Wicked Sexy Liar Page 24

“What was?” I ask.

I can see his smile from here when he answers. “You.”

Chapter SIX

Luke

I’M ELBOWS-DEEP IN a legal brief I can barely understand when my phone buzzes on the table at my elbow.

Beeeeeeeeeers, the text from Dylan reads.

I look up at the clock. Shit, how did it get to be six already? Where?

New place, on Island and 10th.

I groan—I fucking hate going downtown during the week.

Anticipating this, Dylan adds, Most of the team is coming. Jess broke up with Cody. We’re helping him drown.

I blink a few times, staring in shock at my phone. My former water polo teammate, Cody, has been with his girlfriend, Jess, since high school. In the best of moods, Cody will drink until he’s crawling. I can’t imagine how tonight will go down.

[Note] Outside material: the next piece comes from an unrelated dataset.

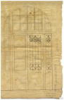 4 44硝子詳細図」。「明治42年11月」と木内真太郎のサインが墨で書かれ、朱の判子がある。和紙の変色具合,墨のタッチなどが同じであり、「図1」が描かれたのはこれらと同時期だと分かる。 京都大学図書館に、重要文化財となった「ジョサイア・コンドル博士建築図面」の原本468点が保管されている。「図1」ほか3点のデザイン原画と照合のため昨年7月、私をいつもフォローしてくれる、若く頼もしい共同研究者の清水隆宏さん(岐阜工業高等専門学校准教授)と京大図書館へ出かけた。事前に「貴重書閲覧許可願」に目的と希望資料名を詳細に書かねばならない。枚数が多いのは困るということで11枚を厳選してお願いする。京大キャンパスの緑多い通路奥、古めかしい図書館、その手前にある学舎壁際に車を止める。図書館員Sさんは義務的でなく親切だ。彼女は厳かに閲覧室にある大ぶりのテーブル上に、依頼しておいた図面を1枚ずつ丁寧に置く。古河邸、成瀬邸、三井倶楽部、教会(E)、成瀬邸など。Sさんから「息を吹きかけないでください」「手を触れないように」と注意を受ける。はやる気持ちを抑えながら、すばやくハンカチを取り出し口に覆いをする。体がテーブル上の図面に触れぬよう、首だけそれらに近づける。そうです。あのTV番組「なんでも鑑定団」鑑定士の仕草を思い出す。清水さんは少し控えてじっと目を凝らしている。どちらともなく小さな声ですごいね!とお互いうなずいている。 河東義之著、大判で真紅の背表紙『ジョサイア・コンドル建築図面集Ⅲ』教会(E)図。何度も何度も該当ページを確認していった。実際のコンドル直筆図面を目の前に身震いをしてしまう。彩色もプロポーションもやっぱり持参の絵と一緒。「図1」木内のデザイン画と京大資料No.458「教会(E)設計図」は同じだ! |

Still, weeknight or not, I can’t say no. Cody, Dylan, Andrew, Daniel, and I have been tight since freshman year when the seniors on the team locked the five of us on the pool deck for an entire December weekend in nothing but our Speedos, with a vending machine full of food as our nourishment, though no money. You don’t get through something like that, and go on to win two national championships without sticking together.

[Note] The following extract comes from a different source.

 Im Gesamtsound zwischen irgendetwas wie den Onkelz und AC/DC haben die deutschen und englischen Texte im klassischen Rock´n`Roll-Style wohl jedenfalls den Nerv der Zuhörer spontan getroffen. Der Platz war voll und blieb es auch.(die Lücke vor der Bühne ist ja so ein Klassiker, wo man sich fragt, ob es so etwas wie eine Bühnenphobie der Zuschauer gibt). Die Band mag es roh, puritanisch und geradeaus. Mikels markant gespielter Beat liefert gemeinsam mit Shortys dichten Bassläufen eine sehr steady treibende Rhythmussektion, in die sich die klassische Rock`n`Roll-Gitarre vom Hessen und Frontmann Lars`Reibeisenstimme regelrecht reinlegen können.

Be there by eight, I reply, putting down my phone and packing up my desk.

* * *

THE GUYS HAVE taken over two tables as close to the dance floor as one can get and reasonably remain seated. Not five feet from where Daniel has done a complete one-eighty in his seat is a group of girls dancing suggestively, pretending they don’t notice the six-foot-eight water polo player turned fitness instructor staring at them.

“Sorry I’m late,” I say in greeting, pulling out a chair and sitting down. I’ve never been to this club—it’s new but the décor wants to fool you into thinking it’s been here since the seventies. Looking to Cody, I ask, “You good?”

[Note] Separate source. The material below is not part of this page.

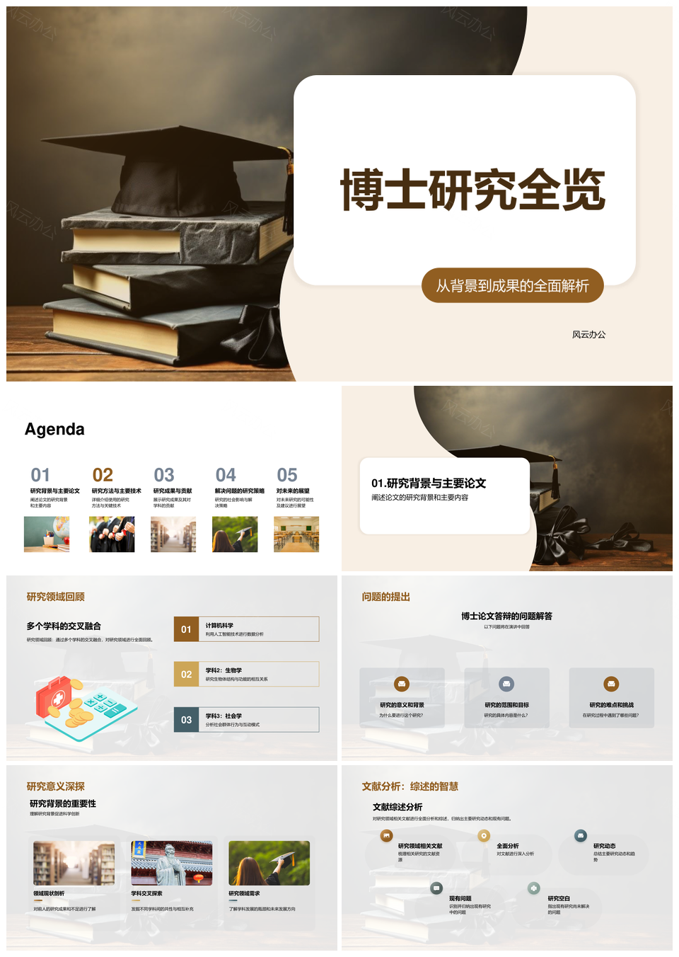 风云办公提供的博士研究全流程答辩背景方法成果贡献PPT模板,下载格式为pptx,一共33页,作品中文字及图均可以修改和编辑,图片更改请在作品中右键图片并更换,文字修改请直接点击文字进行修改。

He puts his empty beer glass down next to another one. “No. But don’t feel sorry for me. I’ve been a dick to her lately. I think she might be doing this to scare me straight.”

I feel my brows lift. “Well, okay then.” I can’t tell if he’s being truly honest with himself, or if he’s in complete denial. Even if he’s wrong, and Jess is actually done, I wouldn’t blame him for wanting to stay in a hopeful place a little longer. He’s been with her for nearly six years.

Six years . . . it’s such a huge portion of our lives, and still, it’s shorter than the decade I spent feeling like I belonged to Mia. We grew up together in nearly every way possible. From eleven to nineteen she was mine.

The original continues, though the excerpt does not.